In 2012, the town of Elkin had to launch a public service announcement after learning of multiple incidents of deer carcasses being dumped along roadways, streams and rivers.


“Some deer carcasses appeared in streams or rivers. The decomposing carcass bacteria can seep into the watershed that feeds into Elkin’s drinking supply,” said Elkin Town Manager Lloyd Payne previously.


The town official said that most successful hunters demonstrate excellent responsibility after the kill, which often means a trip to a local deer processor who takes the deer and reduces it to packages of venison.

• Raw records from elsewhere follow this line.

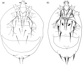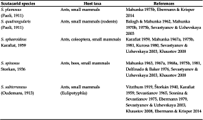 All of the scutacarids associated with mammals except the African H. foveatus and the Mexican I. cupes have been reported from the Holarctic. Unidentified scutacarids have also been reported from mammal carrion (Early and Goff 1986) and scutacarid mites can frequently be found in mammal dung (e.g. Mahunka 1964b, Truck 2012). It would have exceeded the scope of the present review to include all of these dung inhabiting species as, in contrast to scutacarids in bird’s faeces, there is a high number of them and as they cannot be regarded as real associates of mammals.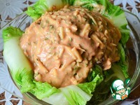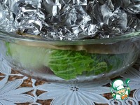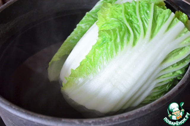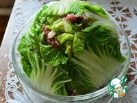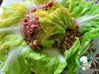 Вот так легко и красиво раскрывается пекинская капуста после обваривания. Капусту поместить в глубокую огнеупорную форму, чуть больше самой капусты, 14 см.. Слегка посолить. |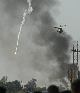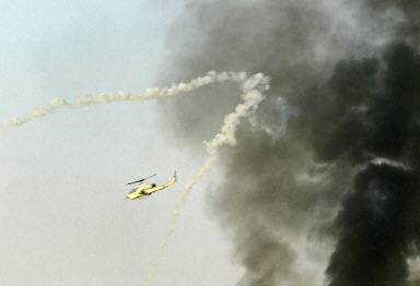圖為一架駐伊聯(lián)軍的直升機在一著火的加油站上空盤旋。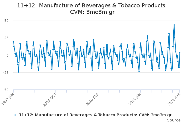 Download this time series11+12: Manufacture of Beverages & Tobacco Products: CVM: 3mo3m gr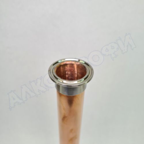 Царга медная - это труба из меди с кламповыми соединениями. Медь отлично абсорбирует сернистые соединения и придаёт мягкость напитку. Позволяет избежать брызгоуноса на первом перегоне и обеспечивает разделяющую функцию на втором.
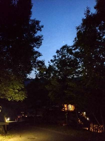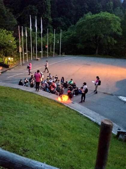 今日の最後の野外活動はナイトハイクです。グループごとにランタンの灯りをたよりに夜道を歩きます。自然の中の澄んだ空気、川や木々いろいろな音を感じながら歩いています。
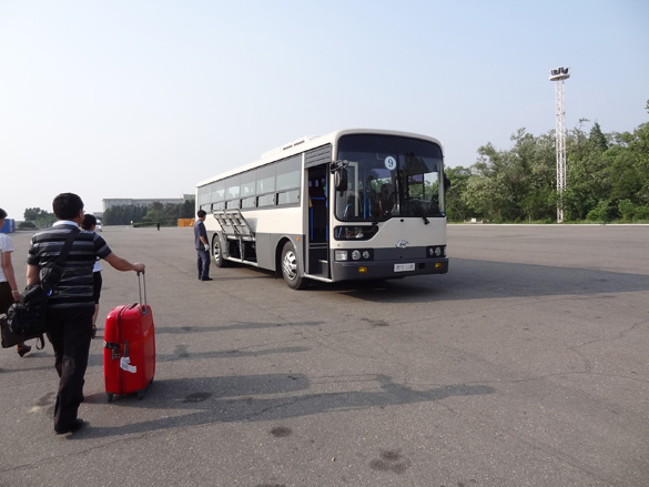 來迎接旅行團(tuán)的是一輛韓國現(xiàn)代大巴車。Darren Qiao說,“車上非常干凈,幾乎可以說是一塵不染?!?/p>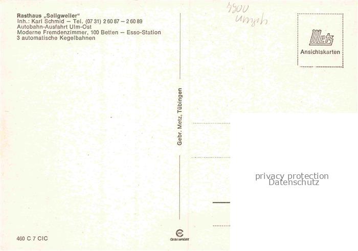 74035457 ULM Donau Rasthaus Esso Station Seligweiler Fliegeraufnahme postalisch nicht gelaufen Erhaltung siehe scans [WerneD78] KatCode: 11110008421000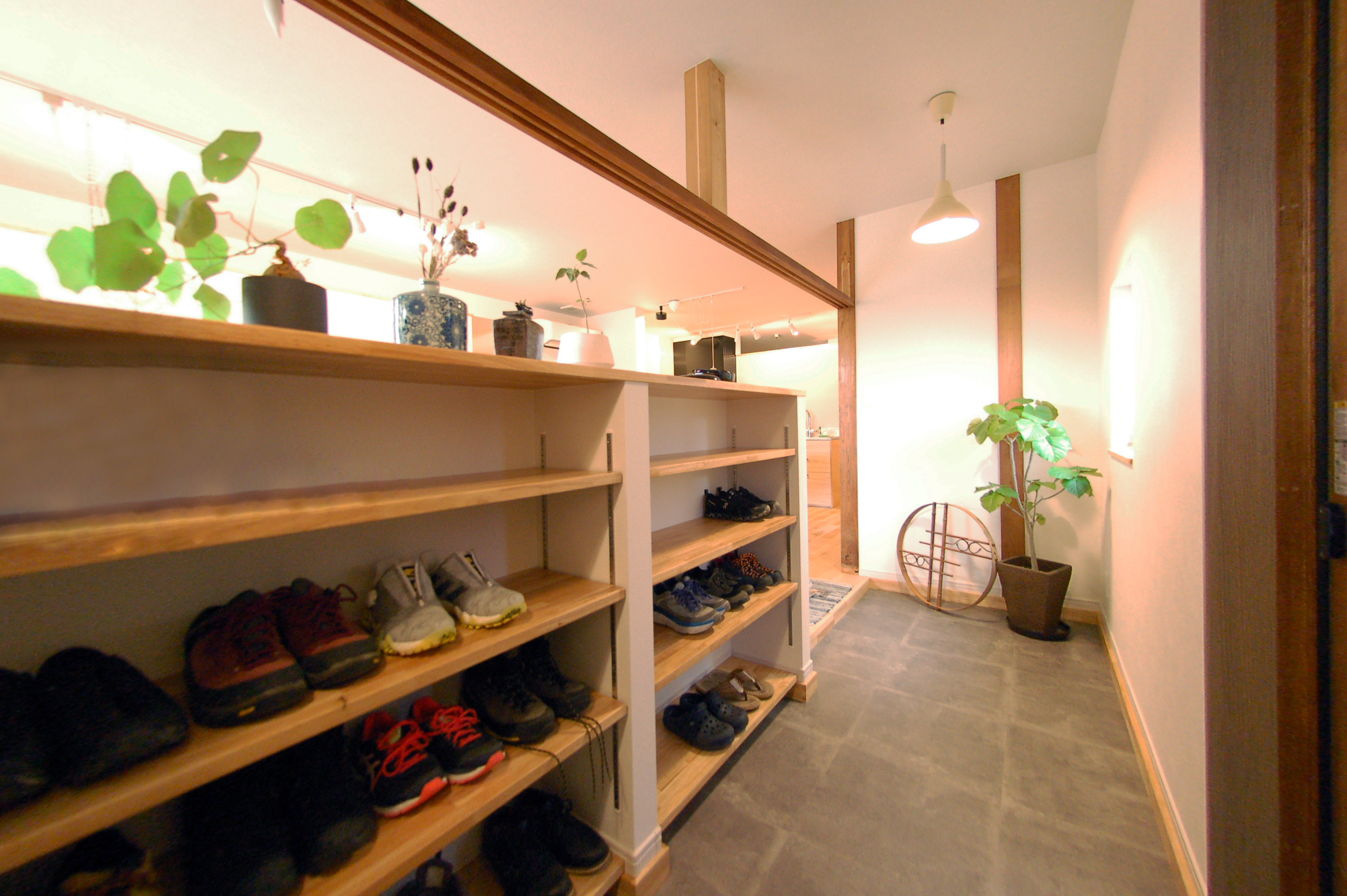 リビングとエントランスの仕切りにシュ ーズラックを造作。圧迫感を出さないために低い設計にし、その上には施主様好みの植物や花瓶も飾られています。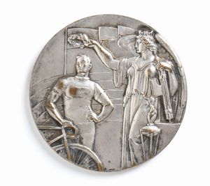 bronzo argentato 1930s Medaglia a modulo della FEDERAZIONE CICLISTICA ITALIANA periodo fascista, con fasci littori. [..]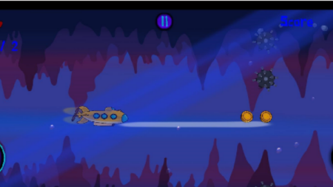 2、在遇到危险或金币的时候,点击上下两个键子进行移动,潜艇会自动向前行驶,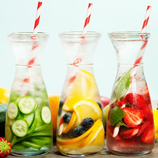 Vor allem Zitrusfrüchte und Gurkenscheiben verleihen dem Wasser schnell einen abwechlungsreichen Geschmack. Auch Früchte wie Wassermelonen, Pfirsiche, Kiwis und Beeren aller Art eignen sich ideal für ein erfrischendes Getränk. Wieso nicht gleich verschiedene Früchte mischen?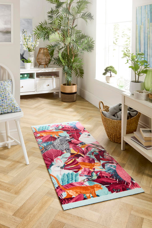Washable Studio Tropical Rug Non Slip Mat for Kitchen Hallway Hall Home Entrance Multi Coloured Rug in 65x150 cm (2'4"x5')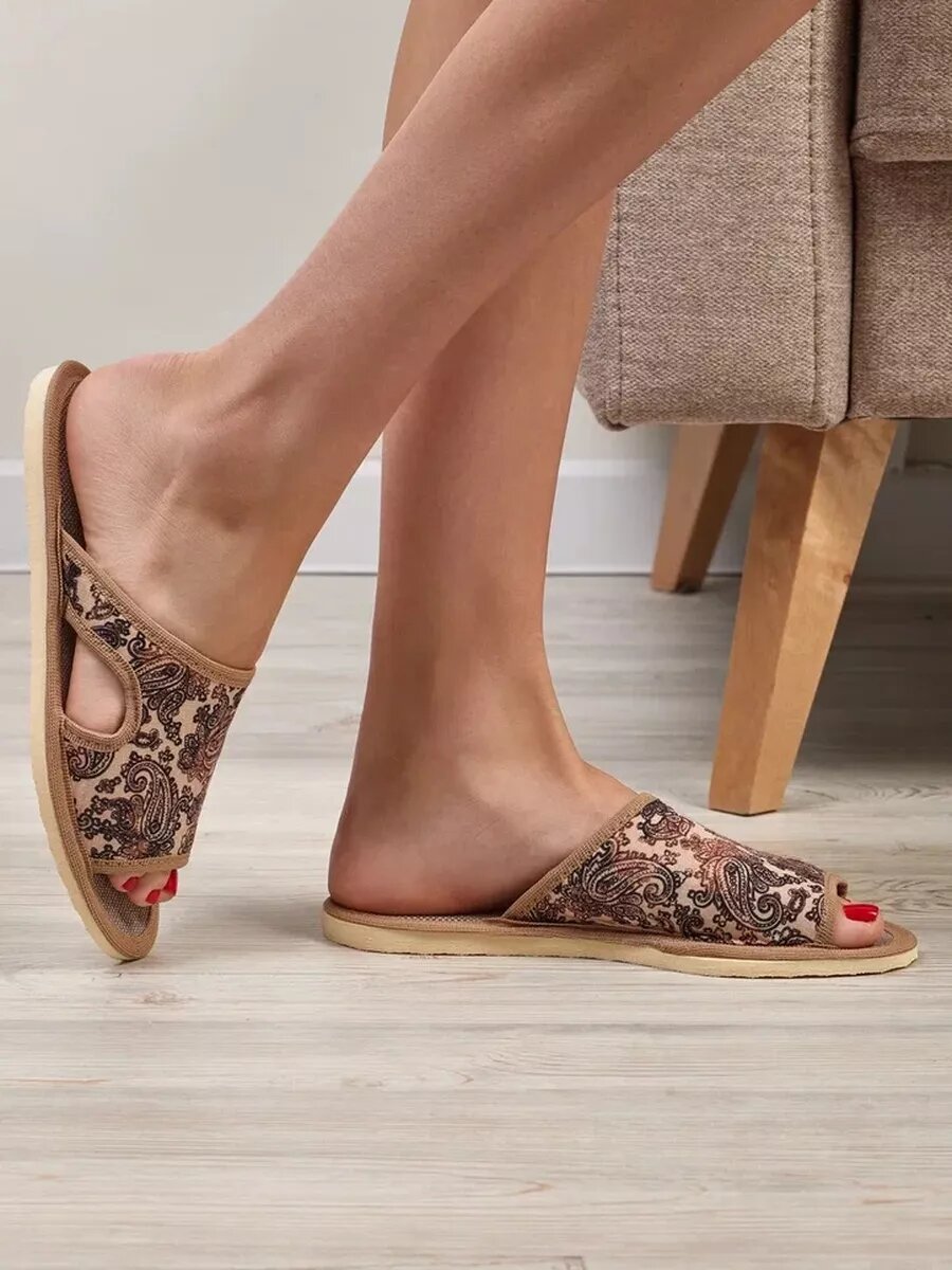 Купить Женские домашние тапочки "LepiloV", открытые, на текстильной стельке. Размер 41. Бежевые огурцы.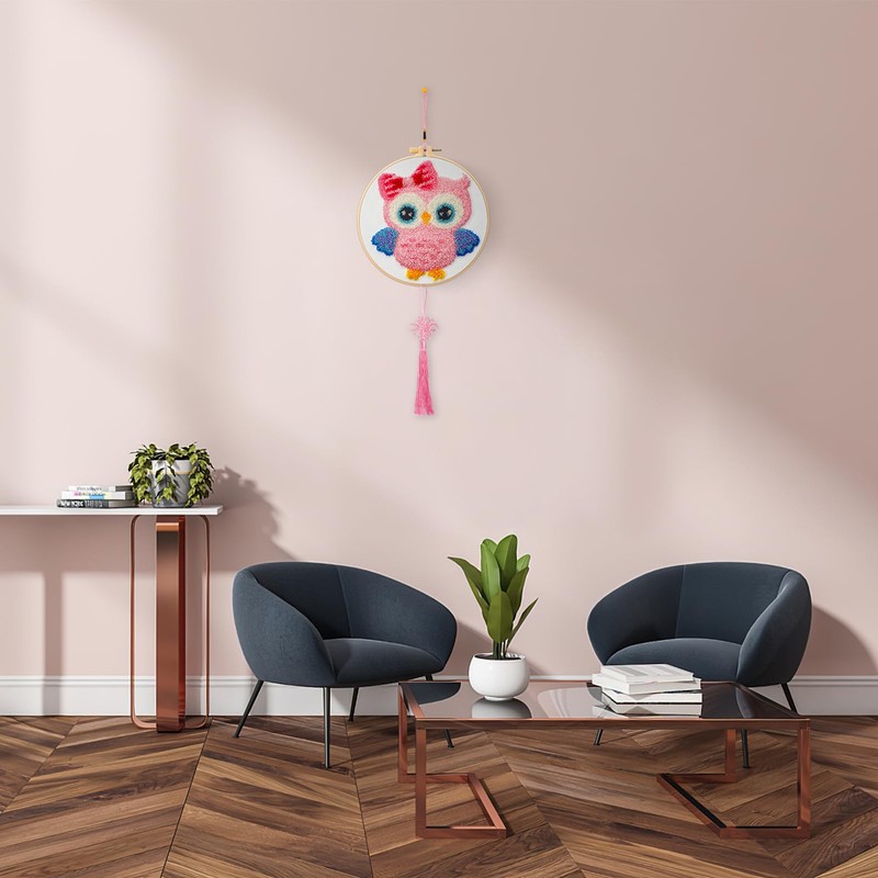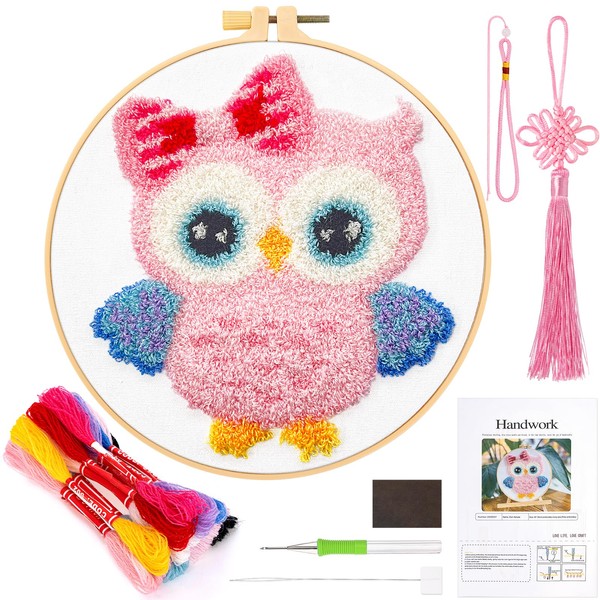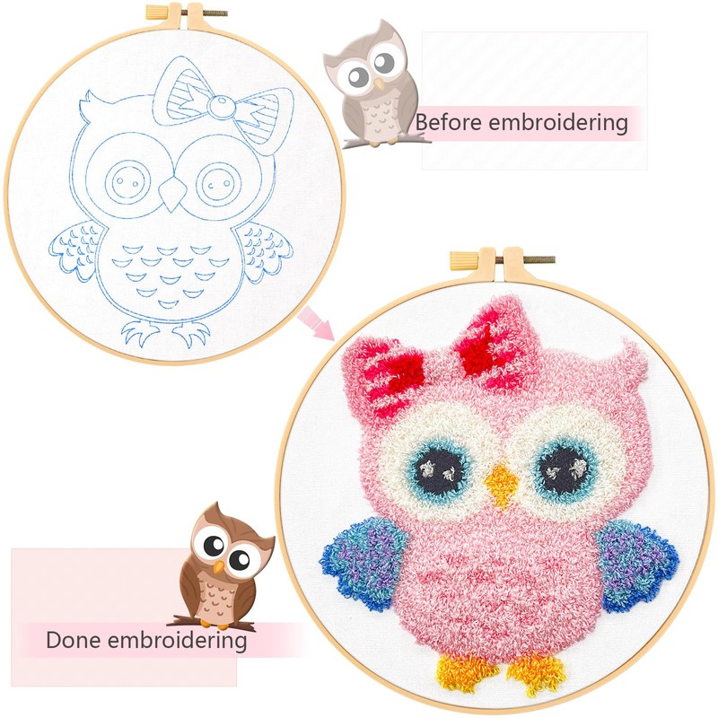 JSRQT Kit Punch Needle Debutant Owl Punch Needle Embroidery Starter Kit for Children Adults Punch Needle Fabric Pattern Set with Instruction Embroidery Starter Kits Craft DIY Punch Needle Embroidery

However, last year’s chronic problem of improper deer carcass dumping was significant enough to get the attention of North Carolina’s Wildlife Resources Commission Law Enforcement unit.


“We are placing cameras in known dump sites to apprehend violators,” said Wildlife Resources Officer Tyler Brown.


According to the law enforcement unit, they recommend disposing of the byproduct by digging a pit in which the deer carcass is placed. Composting is another option. Double-bagging the remains and taking it to a landfill is an option, or leaving it to nature as long as it’s out-of-sight and nowhere near water.


Any person hunting deer during a deer firearms season is required to wear orange visible from all sides, said officials. An exception applies for landholders, their spouses, and children who do not have to wear orange on their land.


The enforcement unit indicated that deer hunting is prohibited in the eastern region with the use of dogs.


No person after sunset and until morning shall intentionally shine a light onto the deer, or sweep a light in search of deer.


Black bear hunting for Surry and Wilkes temporarily expires on Saturday, but then resumes from Dec. 16 through Jan 1. Yadkin County bear hunting expired on Nov. 16, but resumes Dec. 16 through Dec. 28.


Rules governing bear prohibit any hunter from placing processed foods as bait to attract a bear kill. The food list includes ingredients such as sugar, honey, syrups, oils and others.


Bear hunters are limited to one bear kill per season.